» Goal of the exercise: For the entries below, copy exactly the line that contains "Onduleur solaire de" through the line that contains "인천시 수산자원연구소에서는 이러한", both ends included, and exclude all pictures.

» Available records:
##########

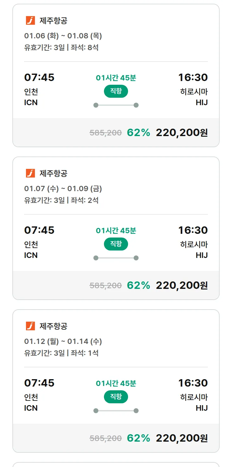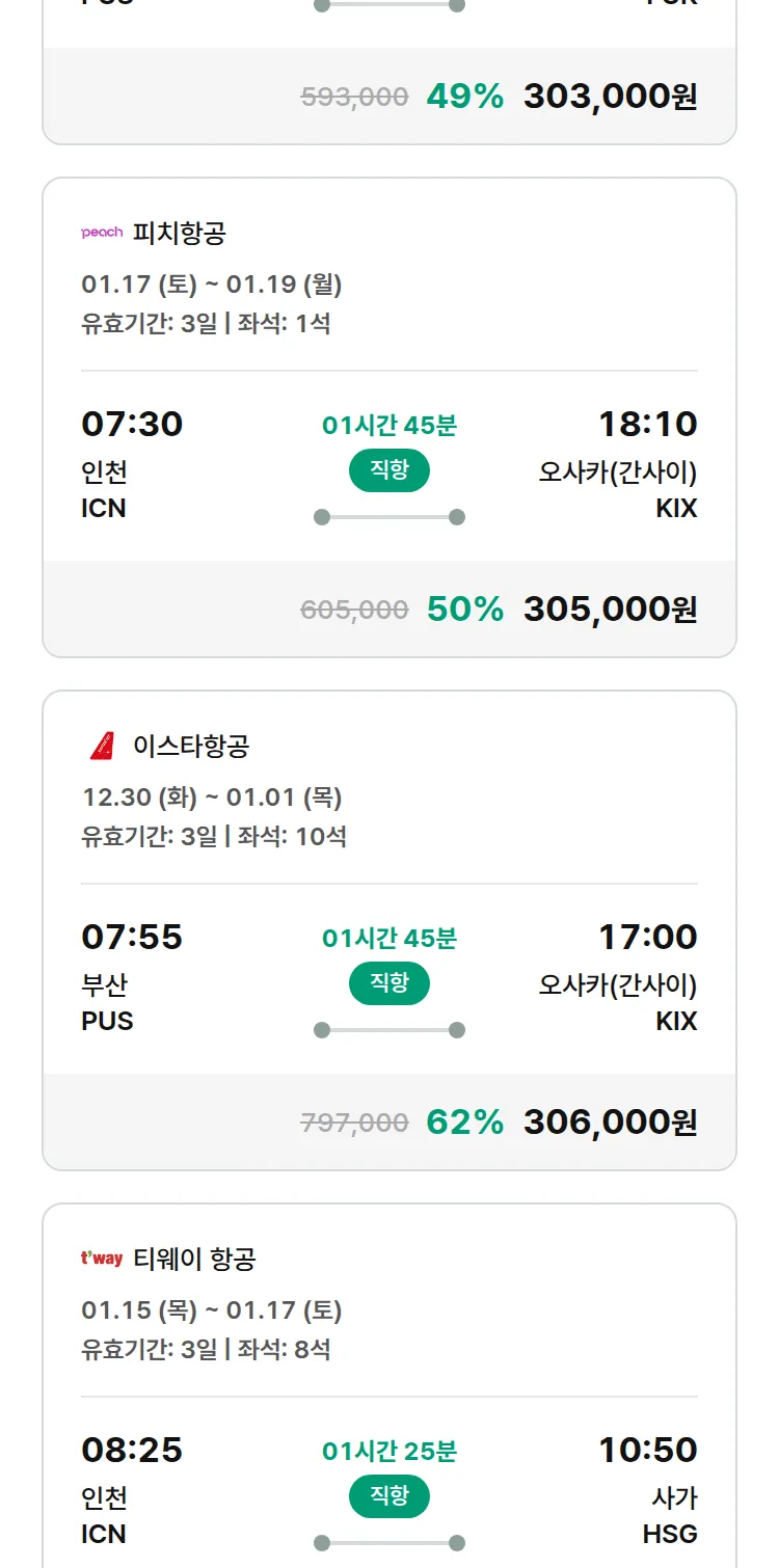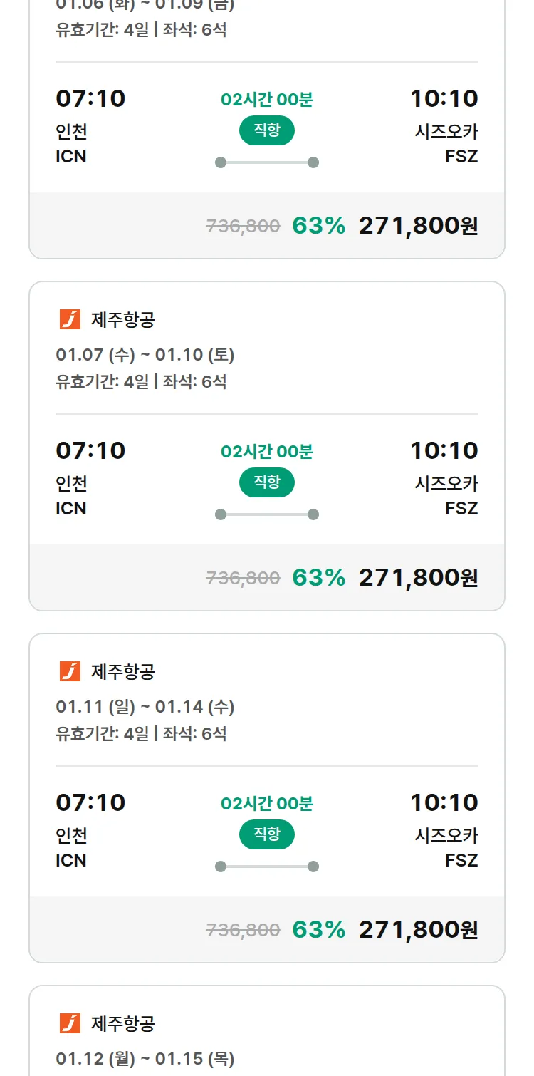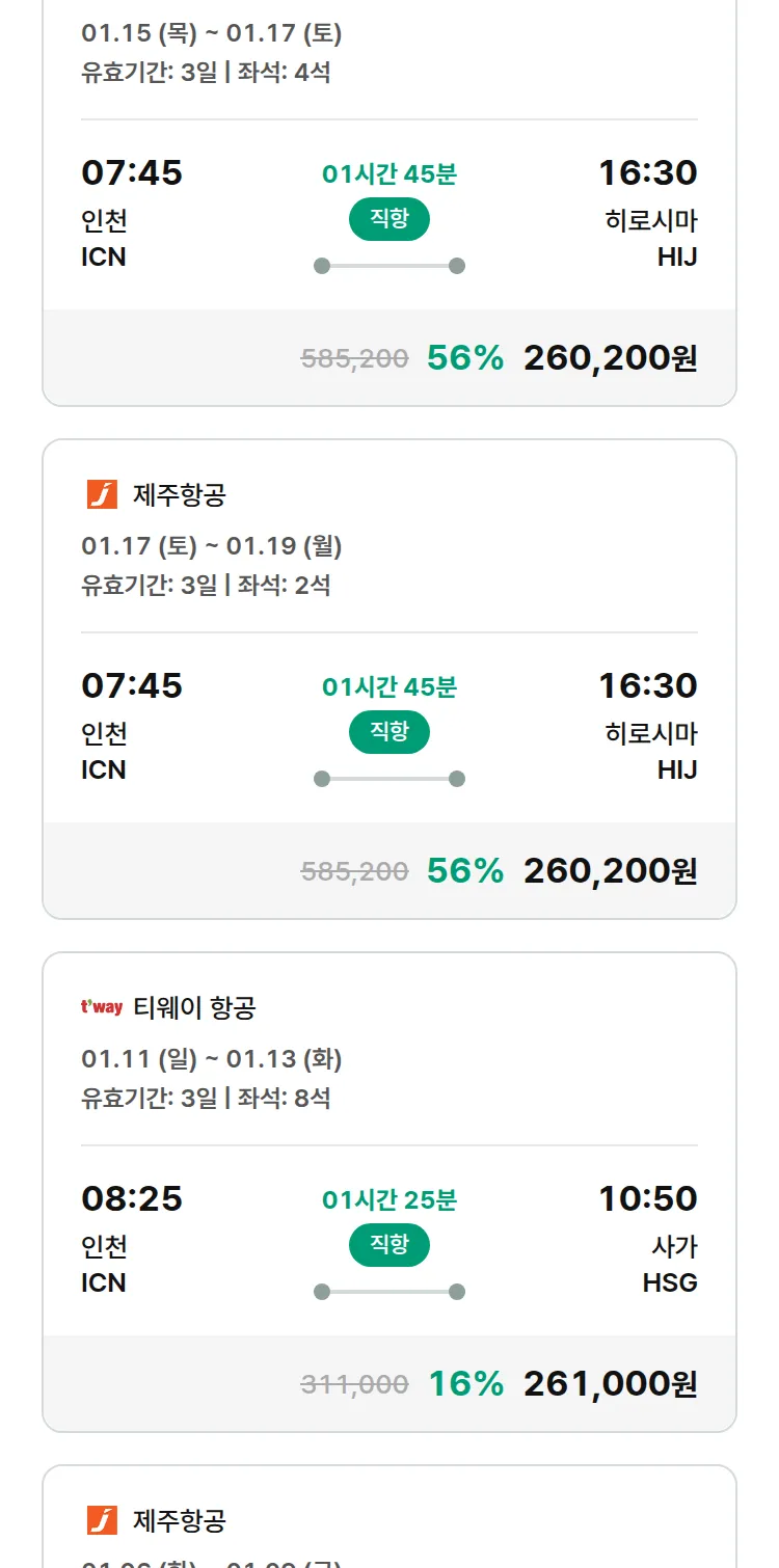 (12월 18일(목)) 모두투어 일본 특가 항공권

##########

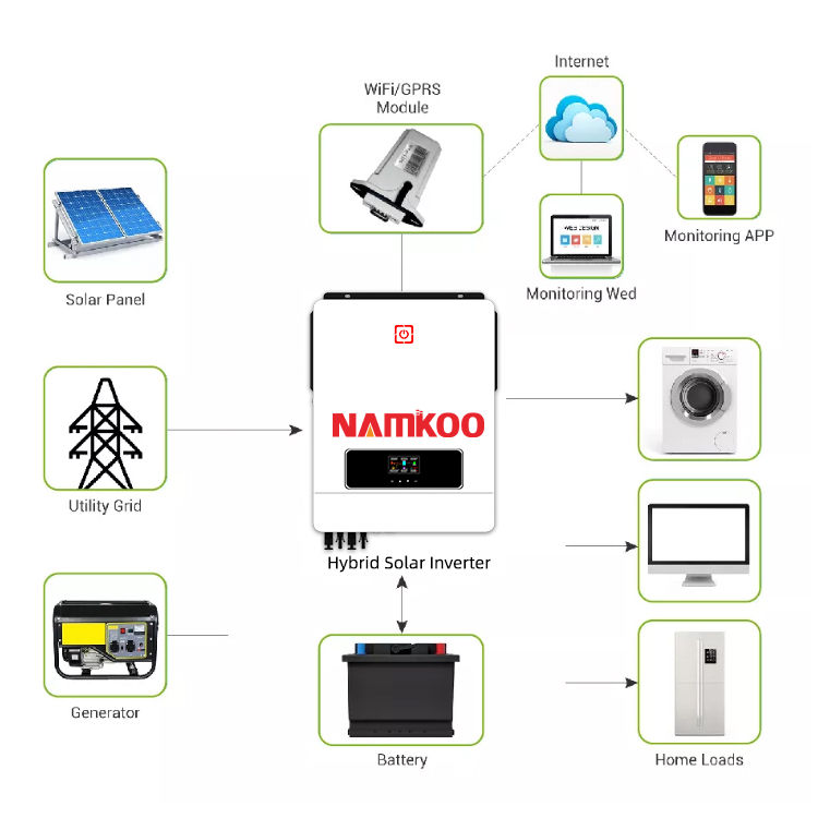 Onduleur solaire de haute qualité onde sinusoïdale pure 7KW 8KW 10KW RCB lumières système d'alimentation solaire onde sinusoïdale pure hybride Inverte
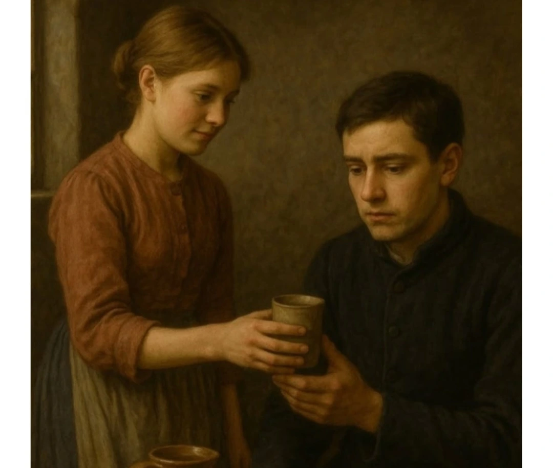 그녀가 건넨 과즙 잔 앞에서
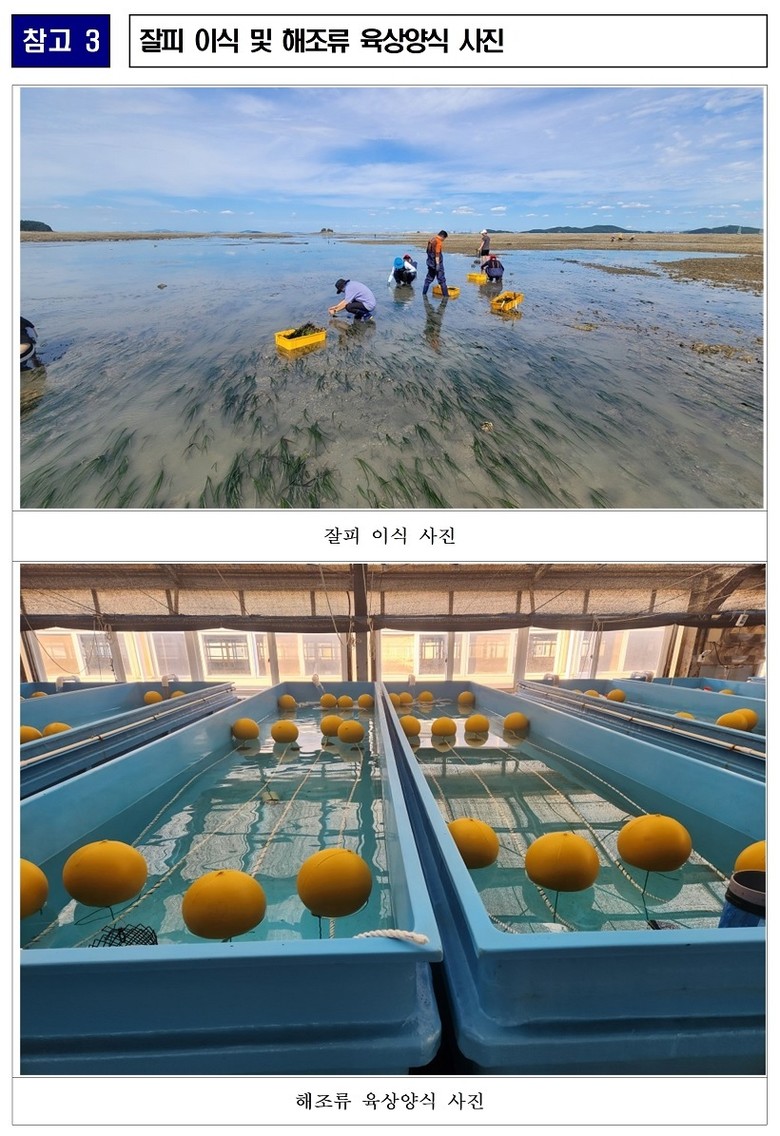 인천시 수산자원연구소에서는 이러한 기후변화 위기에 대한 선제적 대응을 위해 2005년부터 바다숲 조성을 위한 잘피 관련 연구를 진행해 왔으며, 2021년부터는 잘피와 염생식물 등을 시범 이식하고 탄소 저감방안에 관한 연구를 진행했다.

##########

» Your response:
 Onduleur solaire de haute qualité onde sinusoïdale pure 7KW 8KW 10KW RCB lumières système d'alimentation solaire onde sinusoïdale pure hybride Inverte
 그녀가 건넨 과즙 잔 앞에서
 인천시 수산자원연구소에서는 이러한 기후변화 위기에 대한 선제적 대응을 위해 2005년부터 바다숲 조성을 위한 잘피 관련 연구를 진행해 왔으며, 2021년부터는 잘피와 염생식물 등을 시범 이식하고 탄소 저감방안에 관한 연구를 진행했다.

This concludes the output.